◆ **What you are asked to do**
All the lines below need retyping exactly, apart from the images.

Stored data Block Start

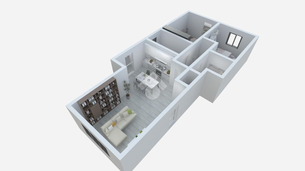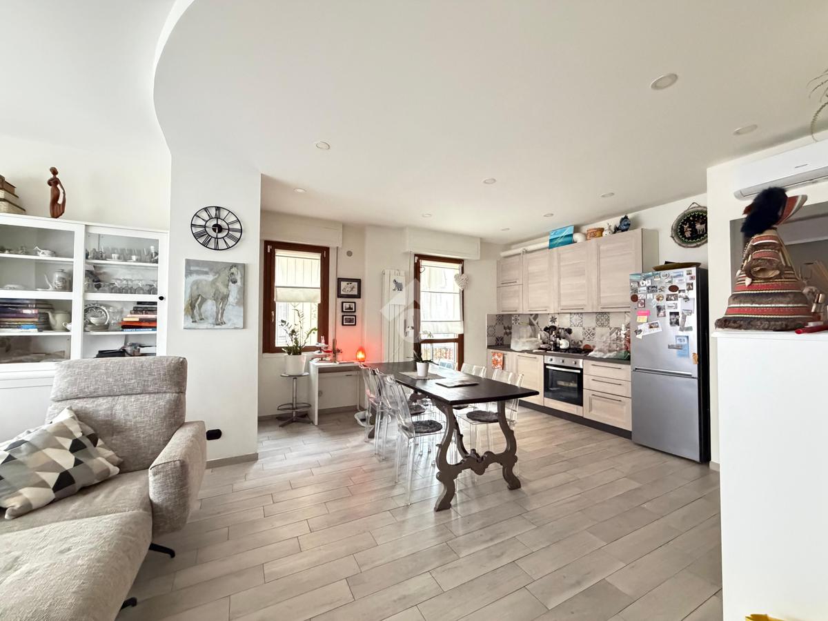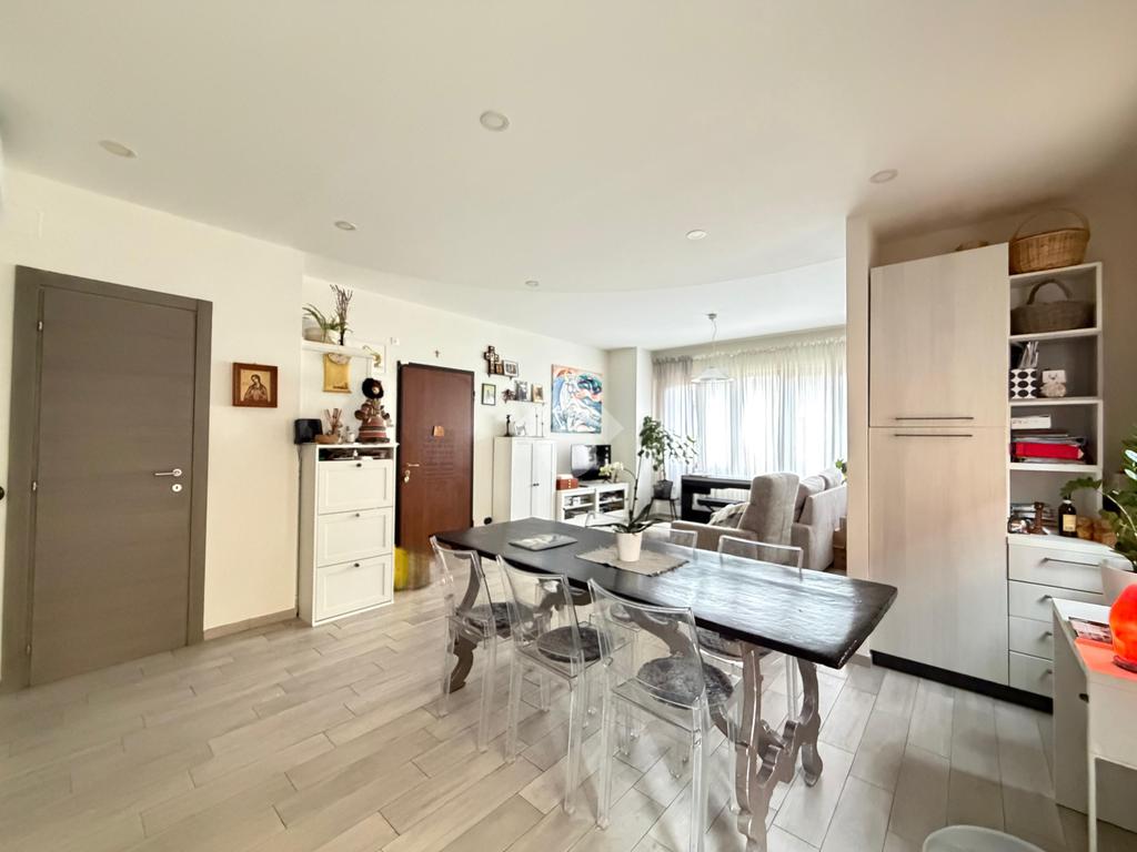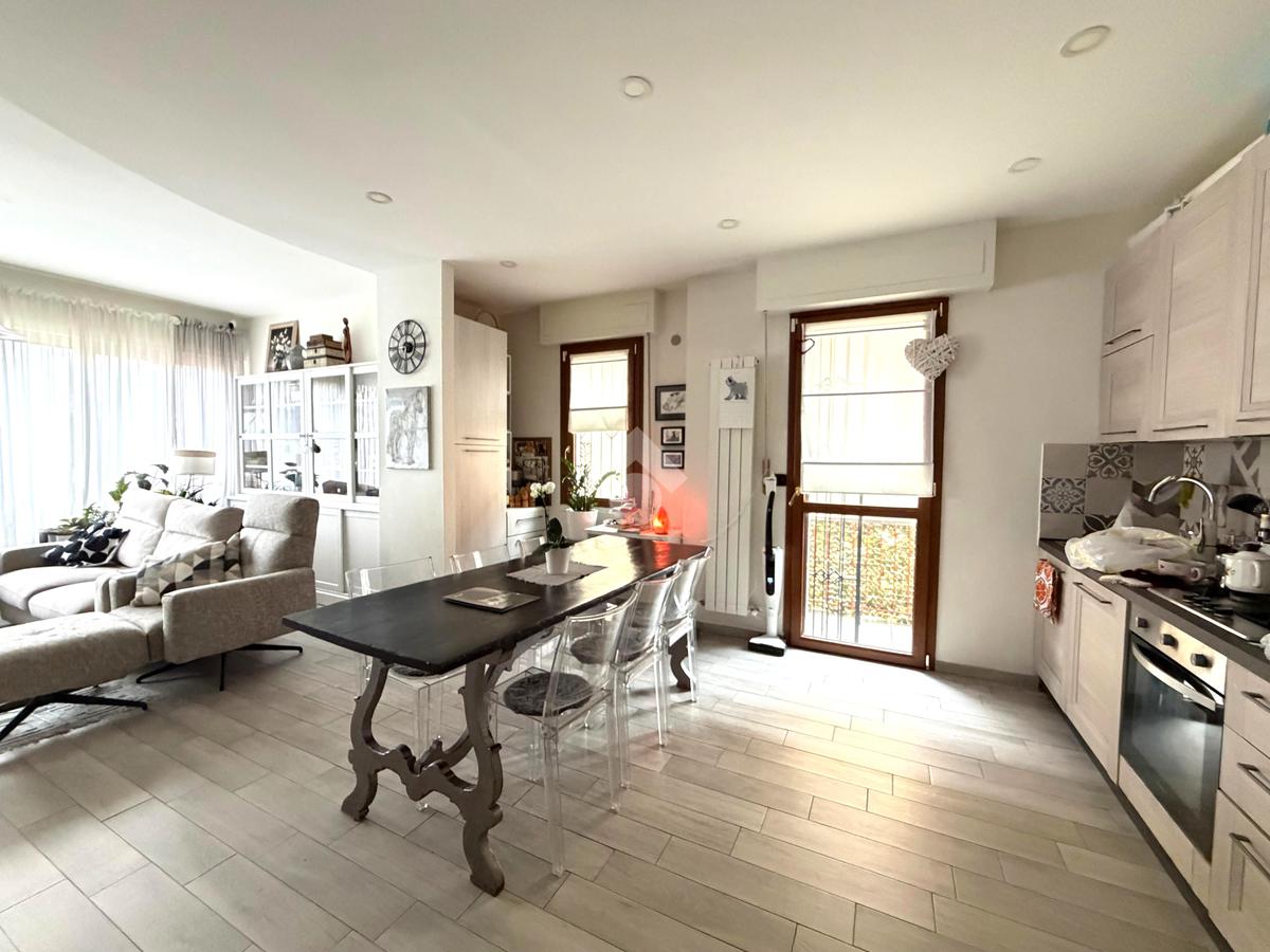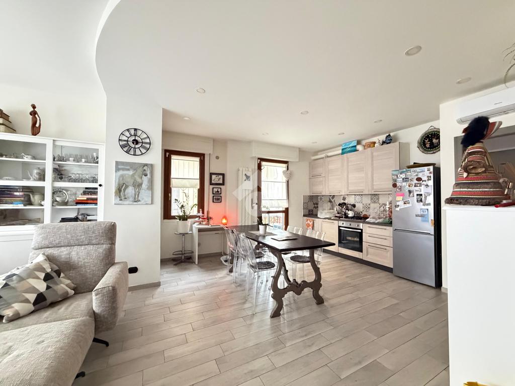 Si entra nell'ampia zona giorno con angolo cottura, dotata anche di ripostiglio e accesso al balcone.
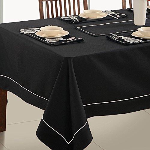 ShalinIndia Handmade Beauteous Black Cotton 6 Seater Rectangle Table Linen -Premium Cotton Fabric 60 X 90 Inch
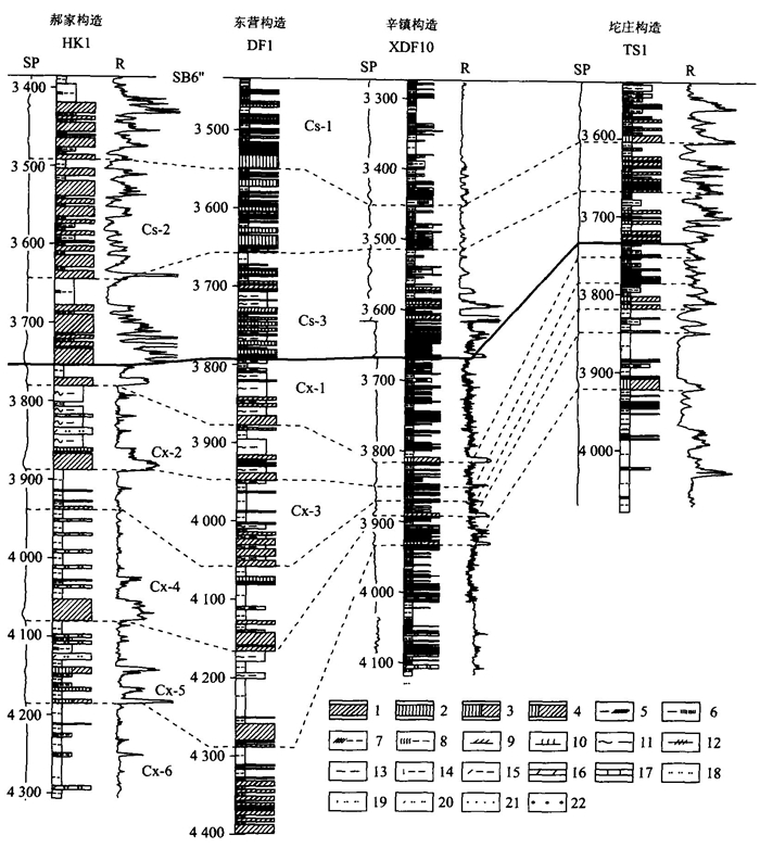 Cs.上部旋回; Cx.下部旋回; 1.石盐岩; 2.石膏岩; 3.石膏质石盐岩; 4.含石膏石盐岩; 5.泥质石盐岩; 6.泥质石膏岩; 7.石盐质泥岩; 8.石膏质泥岩; 9.含石盐泥岩; 10.含石膏泥岩; 11.软泥岩; 12.油页岩; 13.泥岩; 14.灰质泥岩; 15.白云质泥岩; 16.白云岩; 17.灰岩; 18.粉砂岩; 19.灰质粉砂岩; 20.白云质粉砂岩; 21.泥质粉砂岩; 22.砾岩; SP.自然电位曲线(mV); R.电阻率(π·m)
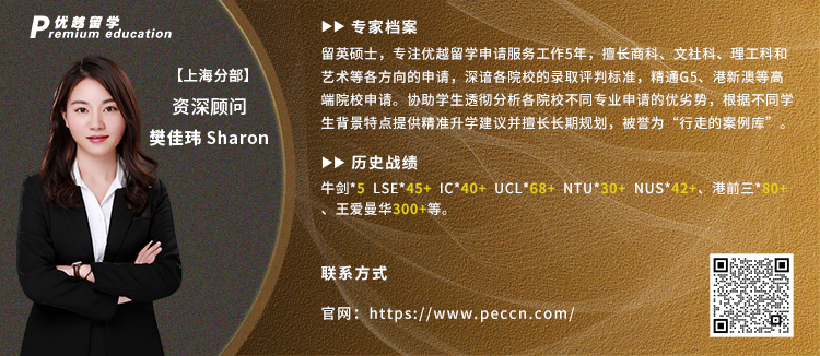 留英碩士,專注優越留學申請服務工作五年,經過時間的沉淀,擁有豐富的成功案例。擅長商科、文社科、理工科和藝術等方向的申請,深諳各院校的錄取評判標準,精通G5、港新等高端院校申請,協助學生透徹分析各院校不同專業申請的優勢與劣勢,能夠根據不同學生的背景和特點提出精準的提升建議,擅長長期規劃,為學生制定最適合自身發展的留學方案。精準的方案協助數百名學生成功獲得offer,其中不乏牛津、劍橋、倫敦政治經濟、帝國理工、倫敦大學學院、新國立、南洋理工,港大,港科技、港中文等名校。耐心與細致的跟進,周全的考慮每位學生的申請進度與流程,全稱高度關注,及時為學生答疑,獲得家長與學生的一致好評。堅信每一位學生都是平等的,擁有追求知識,提升自己的機會,因此能夠設身處地的為每位客戶竭盡全力申請到夢校。專業度強、耐心負責、注重細節、被譽為“行走的案例庫”,不辜負每位學生和家長的期盼與信任。
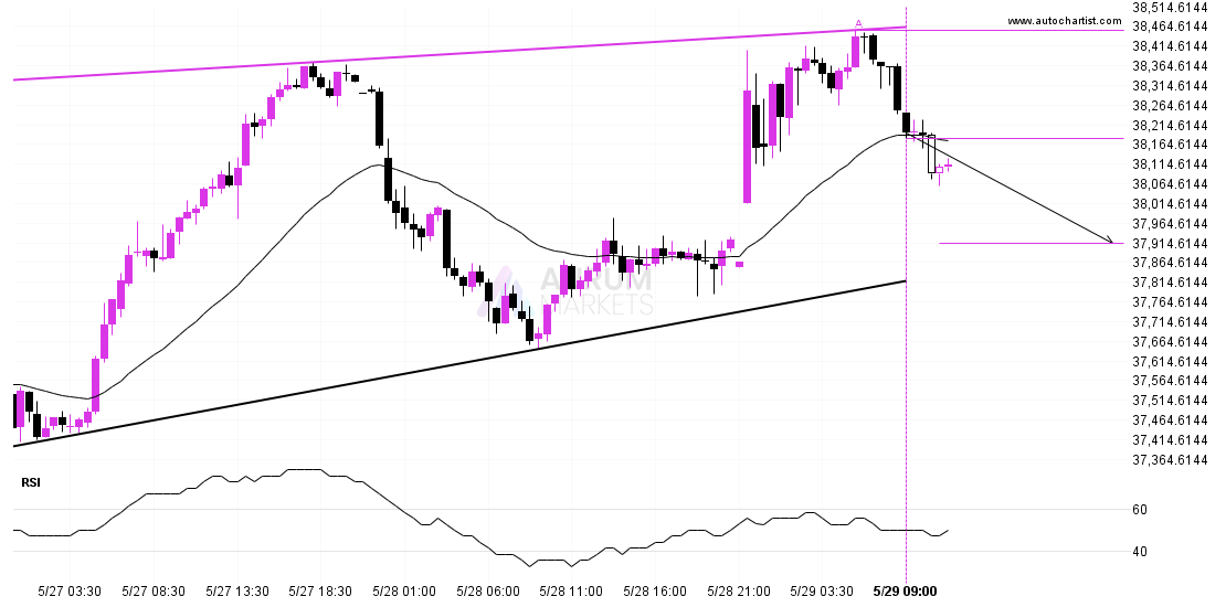 Nikkei 225 was identified at around 38180.0 having recently rebounded of the resistance on the 30 Minutes data interval. Ultimately, the price action of the stock has formed a Rising
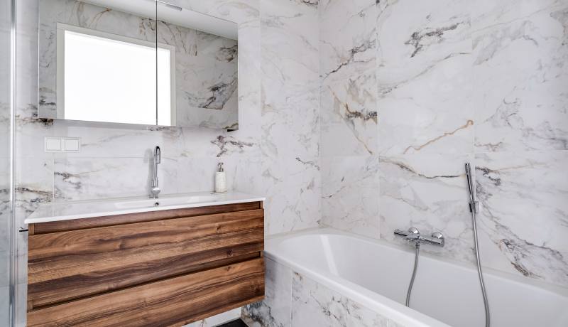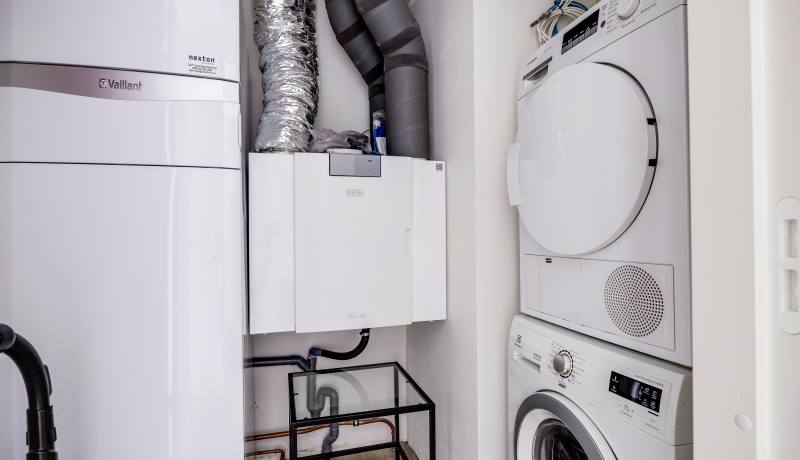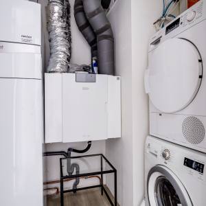 The kitchen (2023) has a sleek design and is fitted with modern built-in appliances, perfectly matching the contemporary character of the apartment. Centrally located within the apartment are a practical internal storage room with washing machine connection, a separate toilet and a modern, luxurious bathroom equipped with a shower, bathtub and washbasin. Everything has been finished with great care and attention to detail and feels fresh and new.

Stored data Block End

◆ **Output below**
 Si entra nell'ampia zona giorno con angolo cottura, dotata anche di ripostiglio e accesso al balcone.
 ShalinIndia Handmade Beauteous Black Cotton 6 Seater Rectangle Table Linen -Premium Cotton Fabric 60 X 90 Inch
 Cs.上部旋回; Cx.下部旋回; 1.石盐岩; 2.石膏岩; 3.石膏质石盐岩; 4.含石膏石盐岩; 5.泥质石盐岩; 6.泥质石膏岩; 7.石盐质泥岩; 8.石膏质泥岩; 9.含石盐泥岩; 10.含石膏泥岩; 11.软泥岩; 12.油页岩; 13.泥岩; 14.灰质泥岩; 15.白云质泥岩; 16.白云岩; 17.灰岩; 18.粉砂岩; 19.灰质粉砂岩; 20.白云质粉砂岩; 21.泥质粉砂岩; 22.砾岩; SP.自然电位曲线(mV); R.电阻率(π·m)
 留英碩士,專注優越留學申請服務工作五年,經過時間的沉淀,擁有豐富的成功案例。擅長商科、文社科、理工科和藝術等方向的申請,深諳各院校的錄取評判標準,精通G5、港新等高端院校申請,協助學生透徹分析各院校不同專業申請的優勢與劣勢,能夠根據不同學生的背景和特點提出精準的提升建議,擅長長期規劃,為學生制定最適合自身發展的留學方案。精準的方案協助數百名學生成功獲得offer,其中不乏牛津、劍橋、倫敦政治經濟、帝國理工、倫敦大學學院、新國立、南洋理工,港大,港科技、港中文等名校。耐心與細致的跟進,周全的考慮每位學生的申請進度與流程,全稱高度關注,及時為學生答疑,獲得家長與學生的一致好評。堅信每一位學生都是平等的,擁有追求知識,提升自己的機會,因此能夠設身處地的為每位客戶竭盡全力申請到夢校。專業度強、耐心負責、注重細節、被譽為“行走的案例庫”,不辜負每位學生和家長的期盼與信任。
 Nikkei 225 was identified at around 38180.0 having recently rebounded of the resistance on the 30 Minutes data interval. Ultimately, the price action of the stock has formed a Rising
 The kitchen (2023) has a sleek design and is fitted with modern built-in appliances, perfectly matching the contemporary character of the apartment. Centrally located within the apartment are a practical internal storage room with washing machine connection, a separate toilet and a modern, luxurious bathroom equipped with a shower, bathtub and washbasin. Everything has been finished with great care and attention to detail and feels fresh and new.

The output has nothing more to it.